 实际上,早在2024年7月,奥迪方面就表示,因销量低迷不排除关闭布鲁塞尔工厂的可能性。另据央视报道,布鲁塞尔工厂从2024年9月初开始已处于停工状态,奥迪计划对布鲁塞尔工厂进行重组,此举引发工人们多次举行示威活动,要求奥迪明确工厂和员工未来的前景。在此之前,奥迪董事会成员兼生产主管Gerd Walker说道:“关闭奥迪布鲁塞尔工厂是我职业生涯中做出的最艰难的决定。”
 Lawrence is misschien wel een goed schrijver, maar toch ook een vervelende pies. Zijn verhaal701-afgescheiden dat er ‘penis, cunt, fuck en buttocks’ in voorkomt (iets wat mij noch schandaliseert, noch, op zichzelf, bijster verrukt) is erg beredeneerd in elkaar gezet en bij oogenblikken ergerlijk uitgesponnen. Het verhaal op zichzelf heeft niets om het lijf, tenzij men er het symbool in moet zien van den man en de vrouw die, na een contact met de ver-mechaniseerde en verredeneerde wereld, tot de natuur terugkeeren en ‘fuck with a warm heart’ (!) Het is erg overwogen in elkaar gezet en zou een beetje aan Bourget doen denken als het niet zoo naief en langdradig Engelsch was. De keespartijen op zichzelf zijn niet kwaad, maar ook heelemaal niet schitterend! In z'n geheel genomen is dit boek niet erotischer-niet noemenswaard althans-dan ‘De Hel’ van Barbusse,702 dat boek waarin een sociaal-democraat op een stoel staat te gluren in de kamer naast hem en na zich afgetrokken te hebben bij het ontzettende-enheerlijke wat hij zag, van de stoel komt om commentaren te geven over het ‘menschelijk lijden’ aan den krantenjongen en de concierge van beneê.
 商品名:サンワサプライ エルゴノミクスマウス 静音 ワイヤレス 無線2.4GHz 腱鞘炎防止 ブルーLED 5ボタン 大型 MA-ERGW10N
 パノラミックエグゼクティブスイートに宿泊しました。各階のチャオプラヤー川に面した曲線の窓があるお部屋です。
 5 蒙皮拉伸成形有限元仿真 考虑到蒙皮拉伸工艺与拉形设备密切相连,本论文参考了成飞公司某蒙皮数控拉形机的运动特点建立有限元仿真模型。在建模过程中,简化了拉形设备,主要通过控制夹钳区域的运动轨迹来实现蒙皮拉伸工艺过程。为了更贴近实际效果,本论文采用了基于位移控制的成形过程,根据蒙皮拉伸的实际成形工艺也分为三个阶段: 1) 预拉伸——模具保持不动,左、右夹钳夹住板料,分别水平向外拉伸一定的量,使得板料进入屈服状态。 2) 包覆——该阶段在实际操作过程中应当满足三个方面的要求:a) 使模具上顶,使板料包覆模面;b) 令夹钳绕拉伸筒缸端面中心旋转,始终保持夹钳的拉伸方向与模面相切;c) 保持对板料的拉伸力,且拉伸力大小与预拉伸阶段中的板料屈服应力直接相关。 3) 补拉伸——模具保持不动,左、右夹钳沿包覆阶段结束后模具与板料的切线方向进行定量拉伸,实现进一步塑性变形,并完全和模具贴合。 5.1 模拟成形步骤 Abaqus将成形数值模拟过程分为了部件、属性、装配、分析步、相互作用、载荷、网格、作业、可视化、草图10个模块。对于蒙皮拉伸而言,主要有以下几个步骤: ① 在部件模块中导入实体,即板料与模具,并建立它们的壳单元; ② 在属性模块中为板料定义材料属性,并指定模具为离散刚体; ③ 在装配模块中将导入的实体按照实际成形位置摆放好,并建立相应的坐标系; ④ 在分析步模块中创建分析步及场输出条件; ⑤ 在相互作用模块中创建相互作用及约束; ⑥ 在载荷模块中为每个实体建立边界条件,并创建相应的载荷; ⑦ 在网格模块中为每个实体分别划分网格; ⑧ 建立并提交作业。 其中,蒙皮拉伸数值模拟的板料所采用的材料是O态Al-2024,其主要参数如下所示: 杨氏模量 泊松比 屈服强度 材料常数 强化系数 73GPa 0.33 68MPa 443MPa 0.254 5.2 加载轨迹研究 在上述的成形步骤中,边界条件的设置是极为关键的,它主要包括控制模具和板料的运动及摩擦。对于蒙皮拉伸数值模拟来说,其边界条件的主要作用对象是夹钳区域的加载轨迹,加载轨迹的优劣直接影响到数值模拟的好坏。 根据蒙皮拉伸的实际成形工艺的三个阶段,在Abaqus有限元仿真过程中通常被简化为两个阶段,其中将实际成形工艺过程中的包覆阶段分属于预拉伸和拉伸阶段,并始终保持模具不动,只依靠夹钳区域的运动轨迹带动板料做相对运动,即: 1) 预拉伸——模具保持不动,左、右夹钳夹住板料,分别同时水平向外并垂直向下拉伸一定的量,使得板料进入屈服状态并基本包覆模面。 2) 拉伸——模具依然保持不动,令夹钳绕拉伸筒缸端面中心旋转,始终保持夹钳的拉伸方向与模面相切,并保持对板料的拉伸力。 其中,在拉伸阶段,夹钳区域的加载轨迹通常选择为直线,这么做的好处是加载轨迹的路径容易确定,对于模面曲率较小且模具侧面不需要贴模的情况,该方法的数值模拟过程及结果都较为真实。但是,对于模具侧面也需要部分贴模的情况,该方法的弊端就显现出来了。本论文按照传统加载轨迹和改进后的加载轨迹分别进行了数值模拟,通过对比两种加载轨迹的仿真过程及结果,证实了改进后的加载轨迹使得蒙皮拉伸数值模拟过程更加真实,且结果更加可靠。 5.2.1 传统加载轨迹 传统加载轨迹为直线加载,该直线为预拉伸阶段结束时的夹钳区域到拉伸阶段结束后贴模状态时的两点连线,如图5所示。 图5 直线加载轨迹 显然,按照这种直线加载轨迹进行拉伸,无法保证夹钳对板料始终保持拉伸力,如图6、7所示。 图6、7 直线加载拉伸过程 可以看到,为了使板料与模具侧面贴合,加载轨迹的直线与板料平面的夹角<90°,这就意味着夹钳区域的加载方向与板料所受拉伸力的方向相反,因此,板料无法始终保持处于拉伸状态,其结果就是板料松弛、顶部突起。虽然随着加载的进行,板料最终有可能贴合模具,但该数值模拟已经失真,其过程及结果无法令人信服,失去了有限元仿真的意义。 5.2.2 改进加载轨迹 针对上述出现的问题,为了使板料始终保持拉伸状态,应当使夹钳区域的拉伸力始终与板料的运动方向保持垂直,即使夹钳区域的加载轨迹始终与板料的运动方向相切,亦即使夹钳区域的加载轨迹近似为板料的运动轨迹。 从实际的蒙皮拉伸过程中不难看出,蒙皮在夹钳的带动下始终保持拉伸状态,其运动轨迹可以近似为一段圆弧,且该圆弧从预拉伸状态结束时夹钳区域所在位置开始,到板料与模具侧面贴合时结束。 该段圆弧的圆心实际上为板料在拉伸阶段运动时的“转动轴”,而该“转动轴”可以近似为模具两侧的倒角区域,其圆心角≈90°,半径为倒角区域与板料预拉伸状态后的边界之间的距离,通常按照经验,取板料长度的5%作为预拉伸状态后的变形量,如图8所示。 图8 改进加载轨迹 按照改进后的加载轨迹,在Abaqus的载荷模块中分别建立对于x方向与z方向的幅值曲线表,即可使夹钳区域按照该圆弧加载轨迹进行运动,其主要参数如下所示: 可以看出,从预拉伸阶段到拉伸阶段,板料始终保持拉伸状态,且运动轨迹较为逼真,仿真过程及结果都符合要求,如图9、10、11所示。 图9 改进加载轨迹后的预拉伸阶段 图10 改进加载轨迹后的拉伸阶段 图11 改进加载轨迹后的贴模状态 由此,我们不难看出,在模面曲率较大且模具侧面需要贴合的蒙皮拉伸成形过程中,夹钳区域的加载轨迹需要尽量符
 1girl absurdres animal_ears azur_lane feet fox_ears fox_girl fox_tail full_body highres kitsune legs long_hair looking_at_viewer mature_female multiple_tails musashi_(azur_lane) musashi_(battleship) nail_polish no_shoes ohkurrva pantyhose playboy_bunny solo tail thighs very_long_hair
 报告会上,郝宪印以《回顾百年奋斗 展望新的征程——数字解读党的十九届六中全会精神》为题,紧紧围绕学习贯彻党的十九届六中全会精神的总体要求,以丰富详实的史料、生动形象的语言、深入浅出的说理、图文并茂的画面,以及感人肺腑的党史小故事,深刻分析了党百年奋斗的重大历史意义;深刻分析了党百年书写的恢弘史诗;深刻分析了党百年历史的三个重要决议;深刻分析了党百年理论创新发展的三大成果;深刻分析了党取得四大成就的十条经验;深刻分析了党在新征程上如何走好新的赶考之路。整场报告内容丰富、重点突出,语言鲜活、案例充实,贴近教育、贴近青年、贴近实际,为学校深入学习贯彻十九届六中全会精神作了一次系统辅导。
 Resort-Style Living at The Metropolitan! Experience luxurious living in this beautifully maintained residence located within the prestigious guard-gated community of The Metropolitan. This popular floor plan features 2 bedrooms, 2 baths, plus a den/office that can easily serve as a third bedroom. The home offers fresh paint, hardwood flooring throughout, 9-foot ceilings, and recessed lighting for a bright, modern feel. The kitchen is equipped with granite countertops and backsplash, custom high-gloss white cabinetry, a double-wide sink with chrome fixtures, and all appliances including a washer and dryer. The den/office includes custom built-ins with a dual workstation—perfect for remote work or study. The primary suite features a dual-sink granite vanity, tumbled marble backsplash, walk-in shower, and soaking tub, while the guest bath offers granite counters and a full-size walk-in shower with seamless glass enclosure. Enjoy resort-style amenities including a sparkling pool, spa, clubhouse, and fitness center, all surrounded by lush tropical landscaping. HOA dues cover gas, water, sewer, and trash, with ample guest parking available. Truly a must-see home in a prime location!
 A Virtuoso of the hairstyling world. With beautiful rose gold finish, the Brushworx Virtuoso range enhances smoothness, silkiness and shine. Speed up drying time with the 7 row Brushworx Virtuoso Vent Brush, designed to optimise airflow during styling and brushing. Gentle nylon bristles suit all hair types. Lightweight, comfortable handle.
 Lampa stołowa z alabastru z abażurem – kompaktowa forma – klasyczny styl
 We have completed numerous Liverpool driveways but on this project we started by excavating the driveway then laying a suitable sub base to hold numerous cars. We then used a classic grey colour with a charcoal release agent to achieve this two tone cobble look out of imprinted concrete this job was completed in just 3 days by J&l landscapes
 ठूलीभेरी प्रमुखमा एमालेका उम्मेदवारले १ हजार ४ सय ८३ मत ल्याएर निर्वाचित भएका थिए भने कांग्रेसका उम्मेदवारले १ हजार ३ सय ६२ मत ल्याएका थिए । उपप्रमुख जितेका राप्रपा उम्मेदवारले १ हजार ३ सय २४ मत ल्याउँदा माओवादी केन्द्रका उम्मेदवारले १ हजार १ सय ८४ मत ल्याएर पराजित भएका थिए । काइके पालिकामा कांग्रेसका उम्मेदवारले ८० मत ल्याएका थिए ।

• **Work required**
Copy the lines of the data above exactly as written, beginning with the line containing "A Virtuoso of" and ending with the line containing "Lampa stołowa z", and leave out all other lines.

• **Exercise result**
 A Virtuoso of the hairstyling world. With beautiful rose gold finish, the Brushworx Virtuoso range enhances smoothness, silkiness and shine. Speed up drying time with the 7 row Brushworx Virtuoso Vent Brush, designed to optimise airflow during styling and brushing. Gentle nylon bristles suit all hair types. Lightweight, comfortable handle.
 Lampa stołowa z alabastru z abażurem – kompaktowa forma – klasyczny styl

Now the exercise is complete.